Can't the images be somewhere else, and the registry replicated among the nodes, so any node can find its image through the registry and fetch from that location?
you seem to be a big proponent of ansible-pull. are any of your use cases/implementations publicly available, I'm really interested to see how people are using ansible-pull in production.
I'd like to do something similar, currently we use a mix of ansible tower (which I don't love) and ansible runs from local machines to manage the infrastructure. I'd rather it all be tied into terraform though, so that we have a single place to manage changes from
We don't have anything publicly available unfortunately, but we call ansible-pull the instance userdata to configure the host on startup. IAM Policies and Vault integration are used to grant the host access to certain secrets needed by the ansible run.
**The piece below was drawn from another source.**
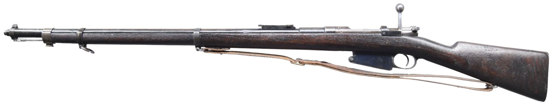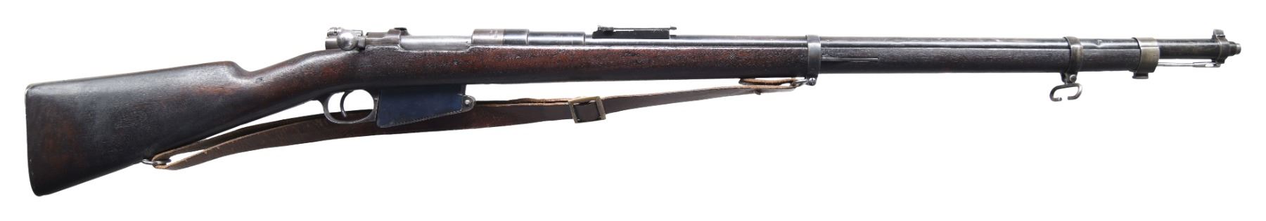 BOLT ACTION RIFLE. Cal. 7.65mm (7.65 Argentine). S# 4927f. Bbl. 30 1/2" with jacket. Blade front sight. Ladder rear sight graduated to 1900m. Buttplate & bolt are matching as-arsenal renumbered. Stock number is faint but appears to match. Mag is an Argentine 1891 replacement & has an added number that matches receiver. Bbl. jacket & rear sight are mismatched. Scarce Marlin-Rockwell assembled WW1 Belgian Mauser rifle using H&A parts after the latter's bankruptcy. Metal is mix of arsenal blue & black enamel finishes. Walnut stock set with bottom mounted sling swivels & leather sling. Cleaning rod present. Rifle has added interwar band with stacking hook. CONDITION: stock has arsenal rework appearance with added dark oil finish, some chipping behind upper tang, a further chip at front of cleaning rod channel, some flaking, scattered dings & handling marks. Metal retains 50% finishes with scattered flaking enamel on bbl. jacket, some moderate dents on bbl. jacket, a spot of touch up blue over an expert repair on left side of front sight assembly, a few spots of light pitting, some dings, & scattered fading to gray. Mag body not fitting well & may require attention to function. Bolt functions properly when hand cycled. Very good bright bore with some light frosting but strong rifling. (25-223/MJC). CURIO. $600-900.
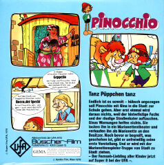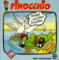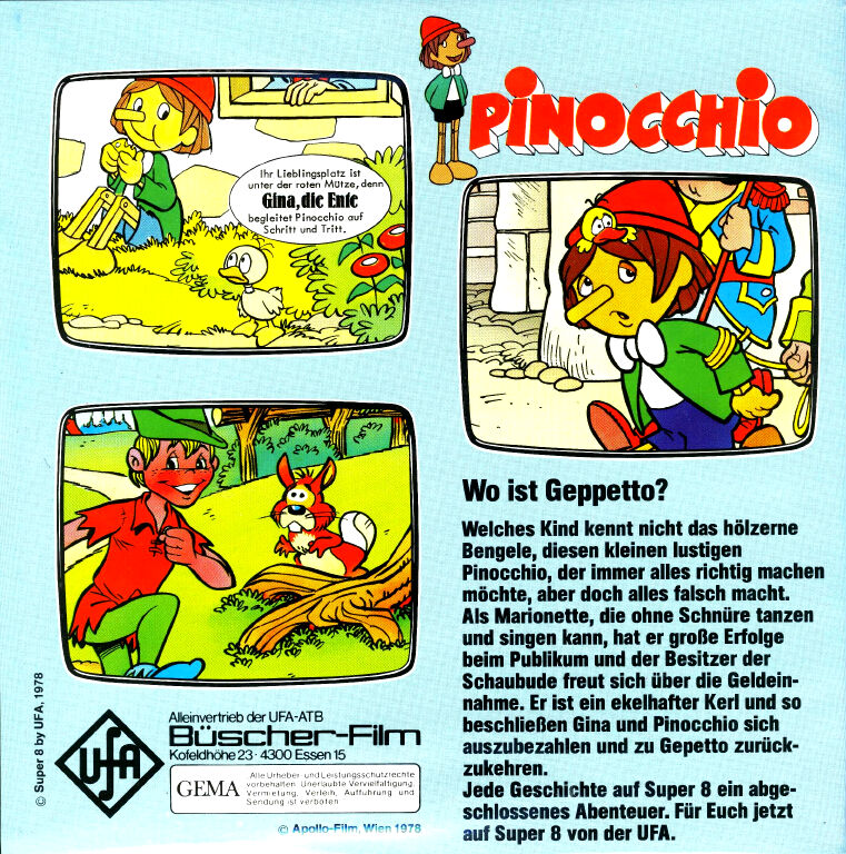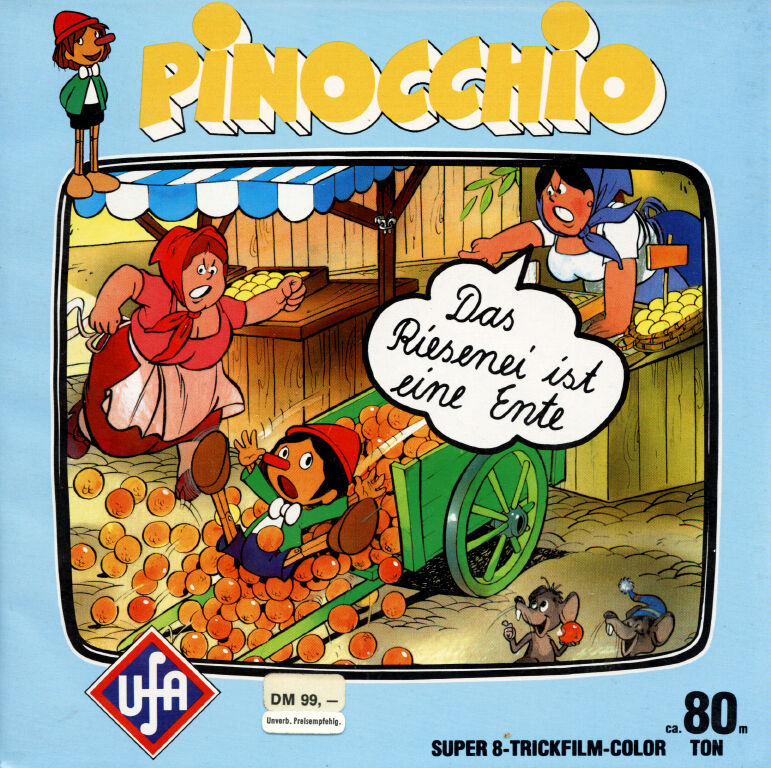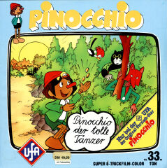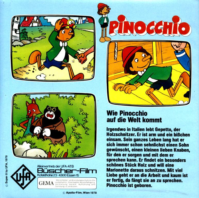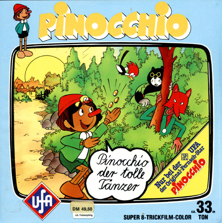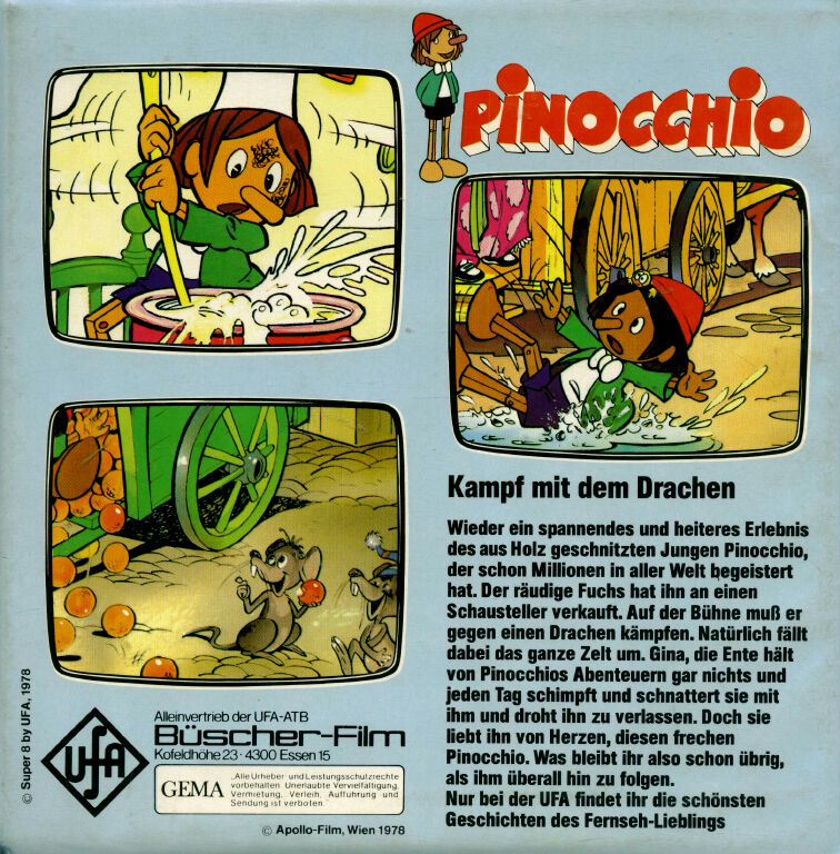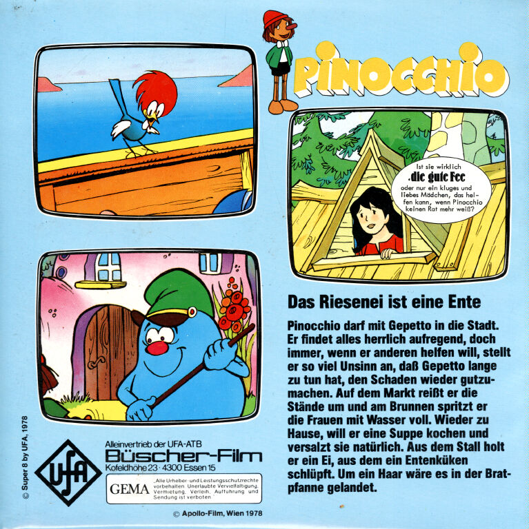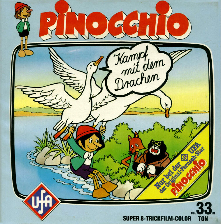 Von "Pinocchio" gab es verschiedene Ausführungen mit z.T. anderen Titeln. Warum hatte UFA nicht gleich alles einheitlich gestaltet und somit für Sammler einen besseren Überblick geschaffen ? Da wurde aus der 80m Fassung "Wie Pinocchio auf die Welt kommt" nun die beiden 33m Fassungen "Das hölzerne Bengele" und "Viel Qualm in der Bude". Ersichtlich wurde das aber aus den Covertexten nicht, denn die Texte auf den Covern unterscheiden sich stark.

> All this with a single command from my computer without the need of anything else! =P
This is my primary problem with ansible. I find that it's been really great for managing things from my local machine, but that model breaks down a little once you have a medium / largish fleet of machines in some cloud provider's space. On top of that, if you have strict security boundaries between different environments/resources, then running ansible scripts that touch a ton of machines becomes more of an exercise in key management than anything else. I know that there are tools out there like AWX and rundeck, which wrap a lot of ansible functionality, but I've found the push model to be a little hard to manage at scale.
We're using ansible almost exclusively for config mgmt tasks, and I'd like to find a way to make it work better for us, but the agent model used by puppet/chef/salt sounds really appealing, especially when I want to role a change out to a large set of machines
this is the first time I've heard of airtable. It looks sort of neat. I'm curious if it's a thing you use for personal organization or if it;s something you use for work?